Factorial DOE: oil-company experiment#
Industrial designed experiment from an oil company. Four blend components are varied across 19 runs to improve volumetric heat capacity. Three of the components (A, B, D) are continuous and were varied in coded units; the fourth (C) is a binary factor: present or absent. The aim is to identify which factors and interactions actually drive the response so that future experimentation can focus there.

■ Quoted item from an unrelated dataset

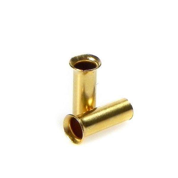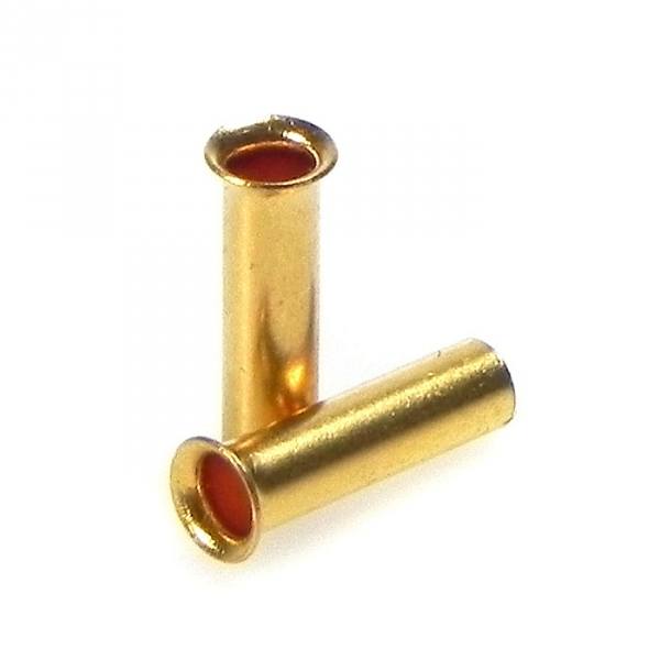 När en mångtrådig kabel skall skruvas fast i en kontakt bör man samla och pressa samman ledarna med en crimphylsa. Resultatet blir att alla kabelns ledare kommer med och att skruven inte kan pressa ledare åt sidan utan hela kabeln får en stabil infästning i kontakten. Slutresultatet blir ett bättre ljud. Detta gäller vid alla typer av mångtrådiga kablar som skall termineras med en enkel skruv. I många kontakter har konstruktörerna byggt in egna lösningar på problemet med många trådar. I dessa fall behövs crimphylsan inte. För bästa resultat skall crimphylsan pressas runt ledarna med en crimptång. Crimphylsor skall inte användas vid lödning. |

Data. oil-company-doe.csv from openmv.net. 19 rows, five columns: A, B, C, D, y.
What we do. Run the package’s analyze_experiment with an interactions model, read the coefficient table and ANOVA, build a Pareto plot of standardised effects, and check the residual diagnostics.
Adapted from the Design and analysis of experiments chapter of the Process Improvement using Data book (CC BY-SA 4.0).
[1]:
import matplotlib.pyplot as plt
import numpy as np
import pandas as pd
from process_improve.experiments.analysis import analyze_experiment
Load and inspect#
[2]:
url = "https://openmv.net/file/oil-company-doe.csv"
doe = pd.read_csv(url, index_col=0)
if doe.shape[1] < 5:
doe = pd.read_csv(url)
doe.columns = [c.strip() for c in doe.columns]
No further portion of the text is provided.